Campanha: teste de resiliência

A história recente tem outros exemplos de pré-candidaturas ou candidaturas que não registiram às cobranças, críticas e ataques resultantes da superexposição de quem começa a despontar. Em 2002, anunciada como pré-candidata à Presidência, Roseana Sarney (à época, PFL) viu o círculo se fechar contra ela antes mesmo de a campanha ser efetivada. A empresa que comandava com o marido, Jorge Murad, foi alvo de operação da Polícia Federal (PF). Os policiais apreenderam R$ 1,3 milhão não declarados na Lunus Participações. Naquele ano, ela renunciou à disputa ao cargo no Executivo.

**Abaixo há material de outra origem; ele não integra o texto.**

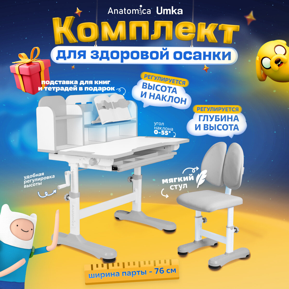 Комплект Anatomica Umka парта + стул + надстройка + выдвижной ящик + подставка для книг белый/серый интересное:
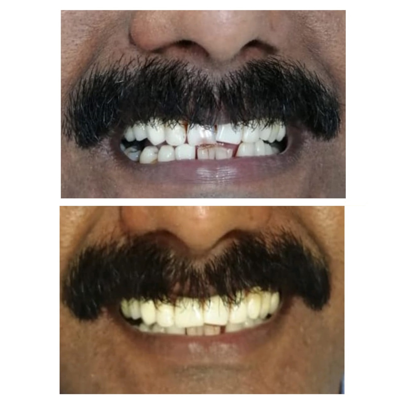 With the help of laminates and veneers, composite restorations, implants, teeth whitening, we do smile makeover. So smile makeover treatment varies from person to person, face to face, and also varies with dental architecture. Lot of measurements of your face, teeth, shape of your teeth, alignment and spacing between teeth, midline, lip line, chipping of teeth, is taken into consideration.
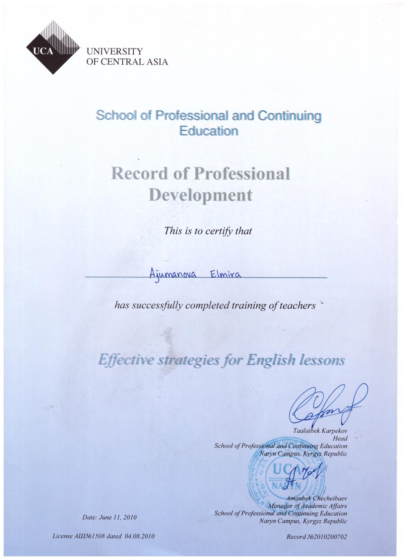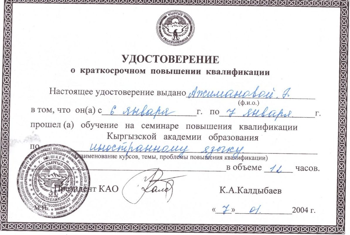 - Курс повышения квалификации по иностранному языку, 07.01.2004.
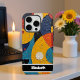 This vibrant phone cover showcases a heavily textured, impasto oil painting style, featuring bold, interlocking abstract shapes in a dynamic palette of yellows, blues, reds, oranges, white, and black. The artistic, tactile design adds a modern, striking flair to your device. A sleek black bar at the bottom offers personalization with a name like "Elizabeth"; if you don't want a name, you can remove it and any other elements you don't like from within the design tool, crafting a truly bespoke smartphone accessory.
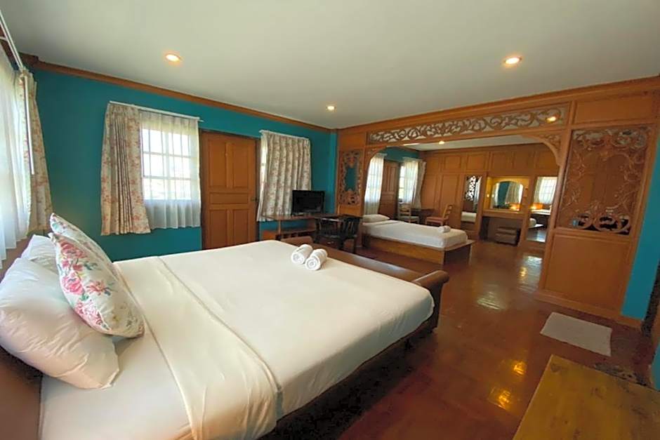 Rooms available at Norn-Nanta House include King Rooms with Mountain View, Quadruple Rooms with Shared Bathroom, Double Rooms with Balcony, Deluxe Family Rooms, and Twin Rooms with Balcony. These rooms vary in occupancy, with some accommodating two adults and one child, and others accommodating up to four adults and one child. Smoking is not allowed in any of the rooms. Bed sizes range from queen to twin, with some rooms offering a combination of bed sizes.
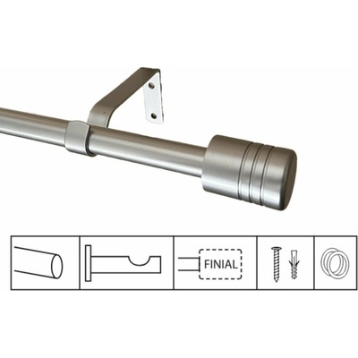Kovová roztažitelná záclonová souprava KRETA Válec 16/19 mm, vzhled ušlechtilé oceli, 120 - 210 cm, včetně kulatých nosníků, koncovek, bez kroužků.
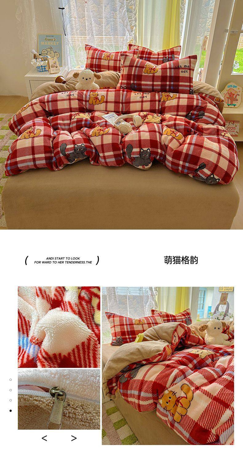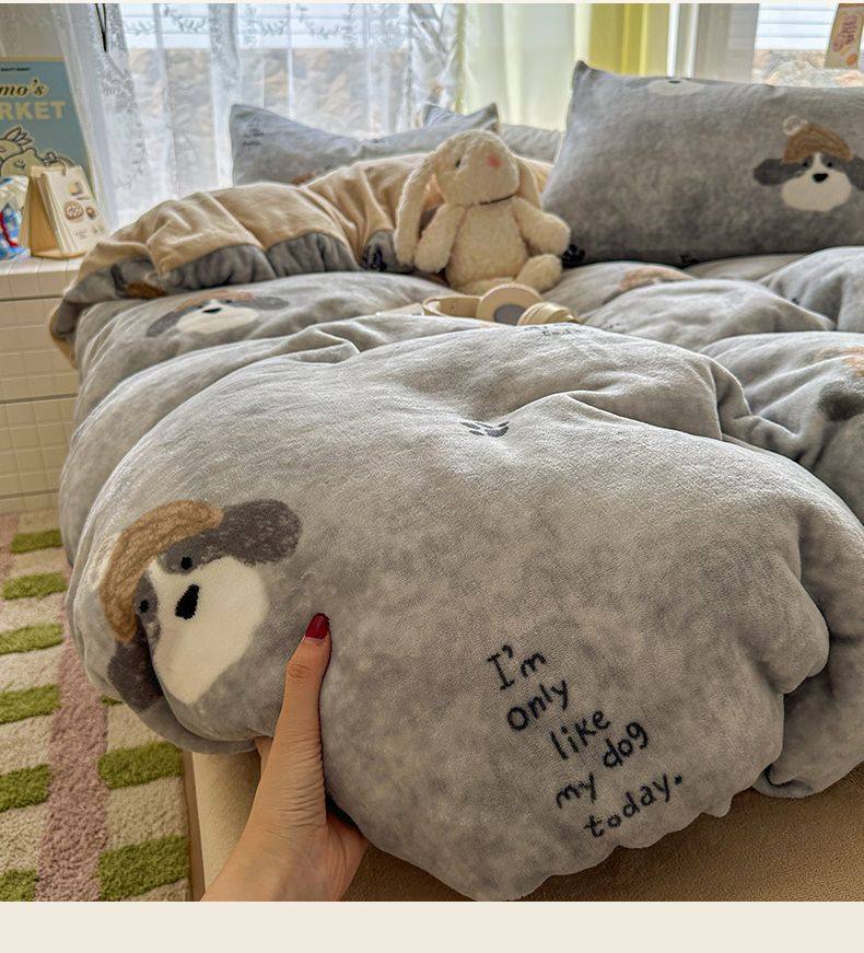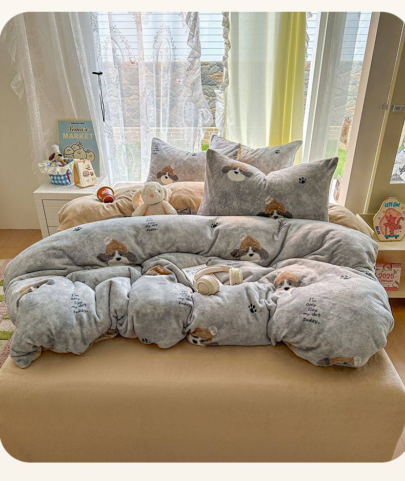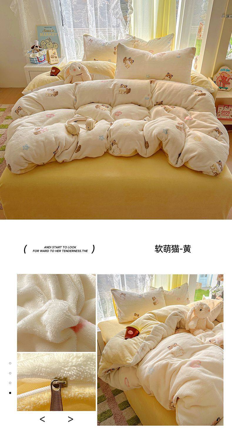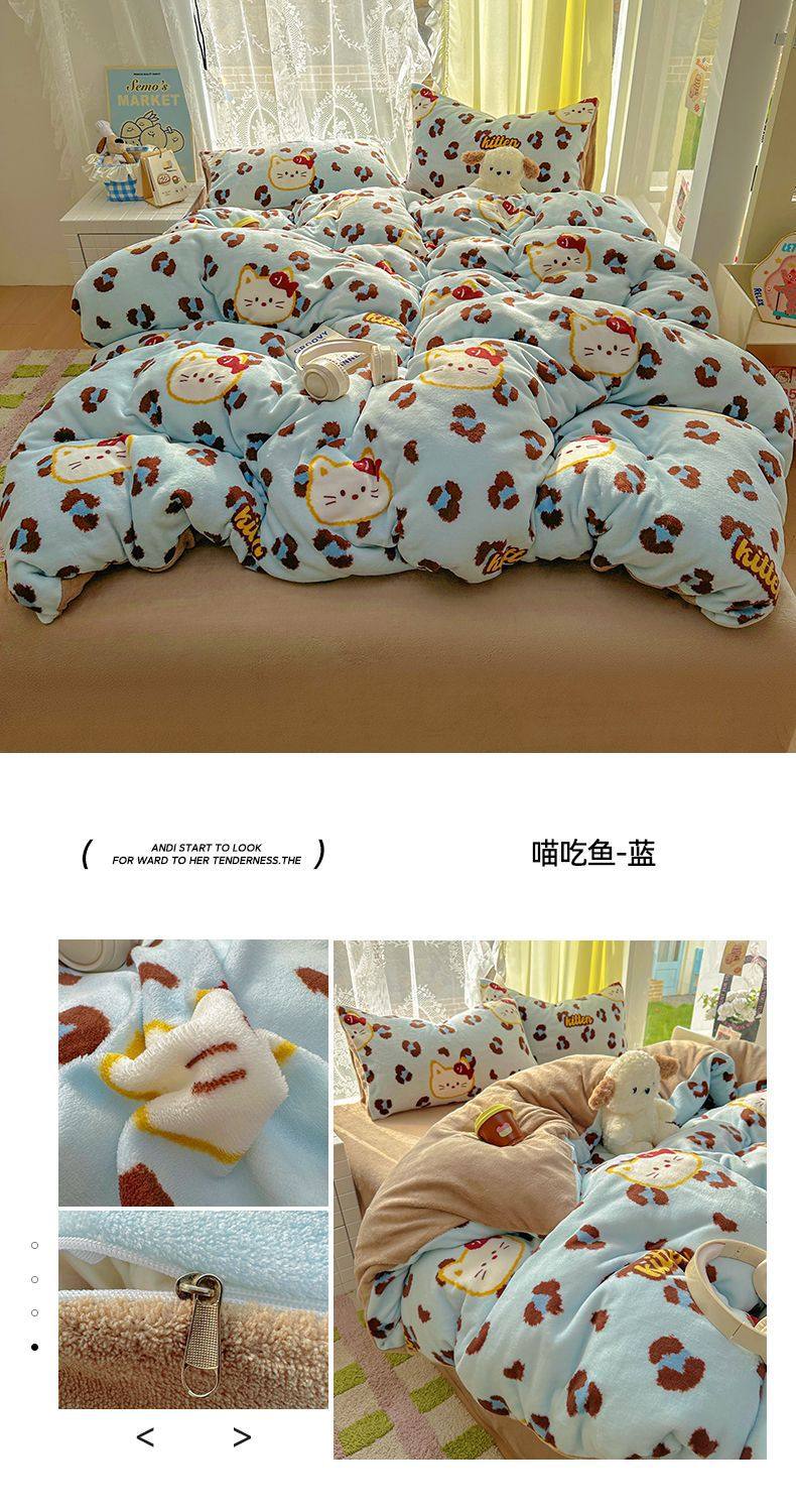 2025 New Autumn and Winter Type a Milk Velvet Four-Piece Set Thickeneded and Warm Cartoon 0.9m Bed Three-Piece Set Must Be Selected in Winter
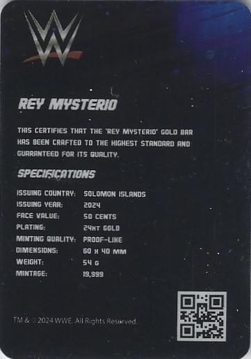 THE KOIN CLUB OFFICIAL WWE SUPERSTARS LENTICULAR GOLD COIN BAR COLLECTION 2024 – REY MYSTERIO
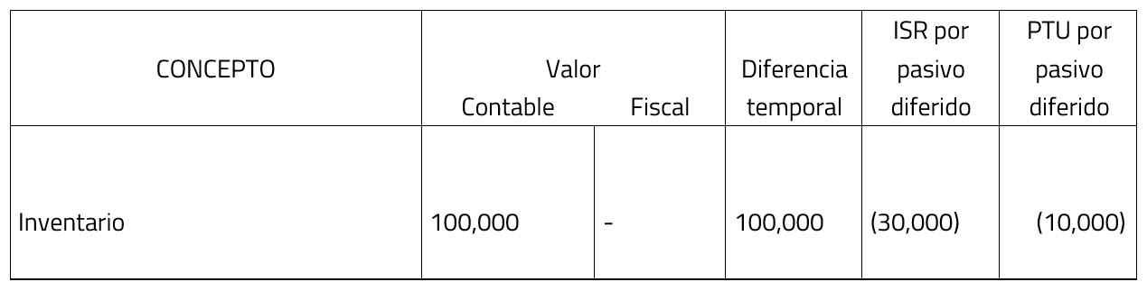 El inciso a) indica que debe reconocerse un pasivo diferido cuando el valor contable es mayor al valor fiscal: esto se observa cuando una compañía no cumple con los requisitos fiscales de su inventario, el cual será en un futuro no deducible.
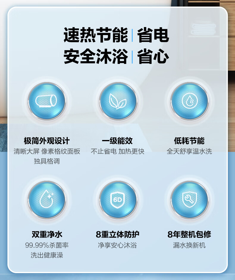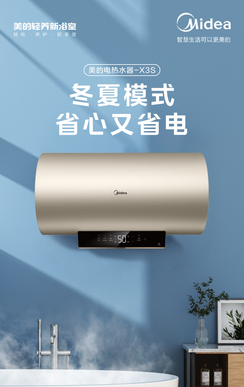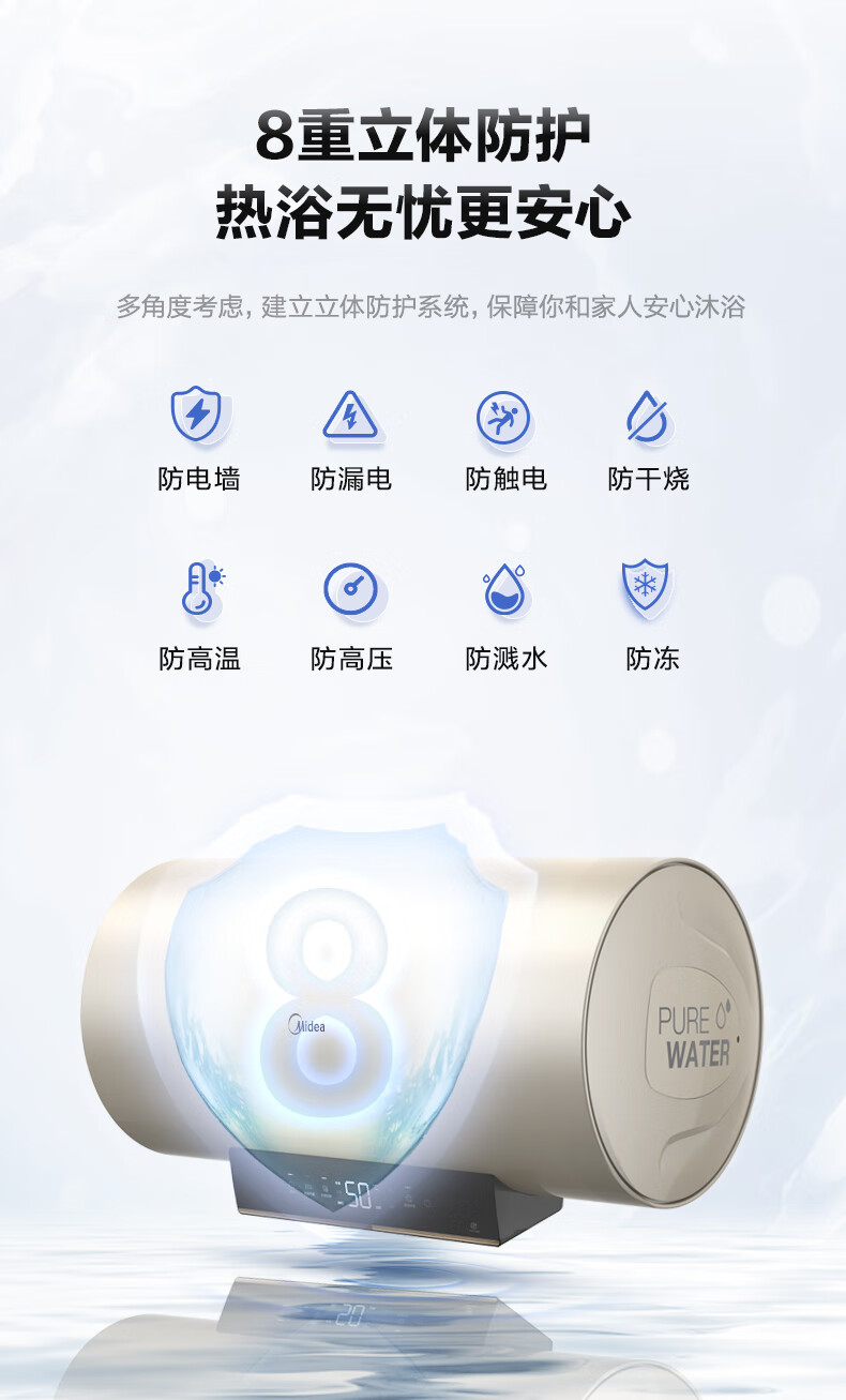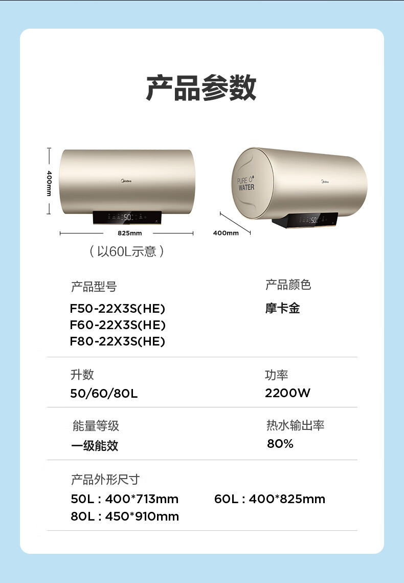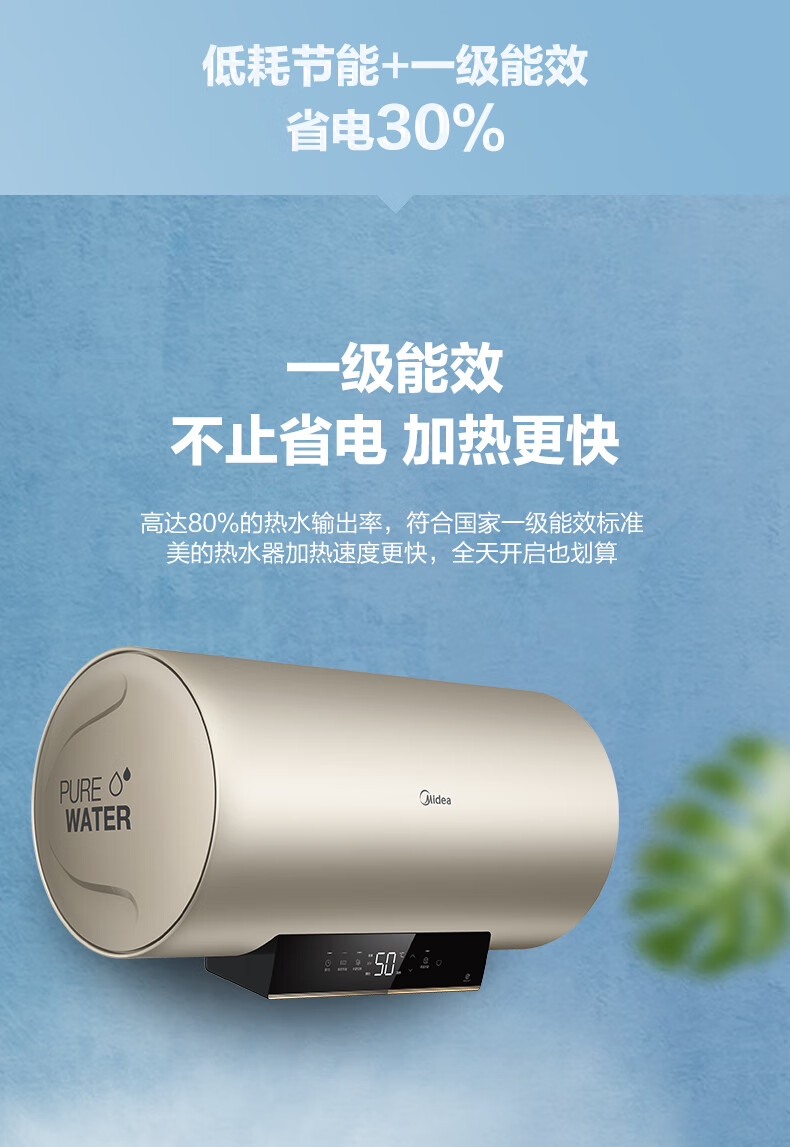 美的(Midea)60升 电热水器 2200W速热 双重净水 一级能效家用热水器F6022-X3S(HE)

Já em 2014, o apelo emocional provocado pelo falecimento de Eduardo Campos (PSB) elevou as intenções de voto e colocou a companheira de chapa, Marina Silva (PSB), em posição de ameaça à liderança de Dilma Rousseff (PT) nas eleições. Durante a campanha, tucanos e petistas engrossaram a artilharia contra a candidata, tanto em debates e programas eleitorais quanto em redes sociais. Os ataques ajudaram a jogar Marina em terceiro lugar no fim do primeiro turno.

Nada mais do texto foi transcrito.